Gillian stared at the man in front of her with an expression that mingled horror with a magnificent display of anger. Tremayne watched her, fascinated by the ability of her eyes to darken from brilliant green to almost black.

“After the most satisfying wedding night in the entire history of the world, he left me, Tremayne?”

“I’m afraid I know nothing about your wedding night, my lady, indeed I do not, but his lordship did leave you a—”

“That poor man!” Gillian shouted at the top of her lungs.

Tremayne blinked at her in surprise. “I beg your pardon, my lady?”

“That poor, misguided, foolish man!” she bellowed in return.

“Misguided, my lady? That man left you after your wedding night! You, an innocent young bride!” Tremayne was yelling just as loudly as Gillian, a point that did not escape her attention. She motioned her stepson back into the house, took a deep breath, and addressed the agitated butler in soothing tones.

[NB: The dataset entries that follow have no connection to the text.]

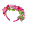 Bandolete forrada com tecido estilo Chanel rosa com flores em camadas feitas de fita de cetim e de organza rosa. Promenor de penas de lado e botão de pérola com brilhantes no centro e linda renda.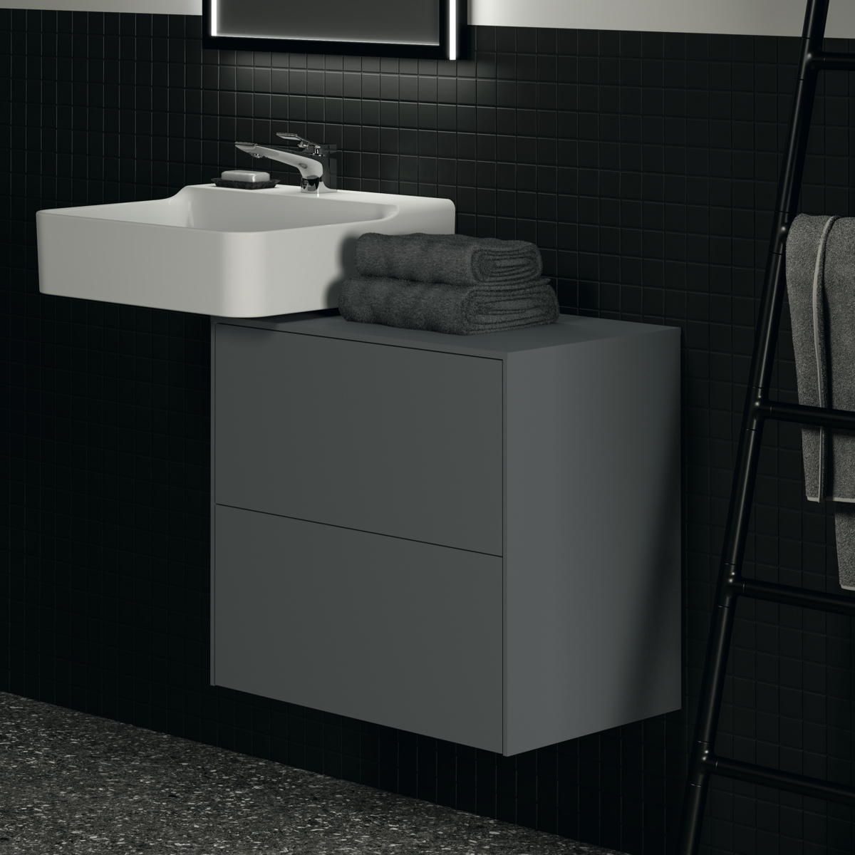 Тумба для ванной Conca 2 ящика, антрацит матовый, подвесной монтаж 60х37,3х55 см, Ideal Standard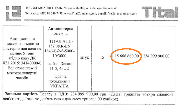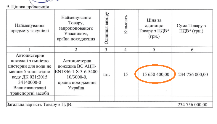16 травня Управління забезпечення Оперативно-рятувальної служби цивільного захисту Державної служби України з надзвичайних ситуацій провело закупівлю трьома лотами на автоцистерни пожежні з ємністю цистерни для води не менше 5 тонн. Очікувана вартість закупівлі склала 657 999 999,72 гривні.

“Tremayne, calm down, it’s quite all right. I understand his lordship’s reasoning—”

“He left you, my lady! Just up and packed his things and left you like you were yesterday’s breakfast! Such a callous, uncaring man doesn’t deserve your kindness!”

“Tremayne, I understand—”

“He’s got to be mad to leave a bride alone the day after he wed! Especially you, my lady! Especially after the most satisfying wedding night in the entire history of the world! He’s lost his reasoning, that’s what it is!”

Lord, she’d soon be deaf if he continued to defend her. “Tremayne!”

He stopped his tirade and stared as Gillian stomped her foot on the soft grass. “You will stop this slanderous talk about Lord Weston immediately. He is your employer. He is an earl. And he is my husband — I won’t have you chastising him when he’s not here to defend himself.”

The butler stared at her in disbelief.

“But, my lady,” he said weakly, waving his hands about in a helpless manner.

Gillian noticed the cream envelope clutched against a silver tray. “Is that for me?”

“Er — yes, my lady. It is from”—he took a steadying breath and spat out the words—“his lordship.”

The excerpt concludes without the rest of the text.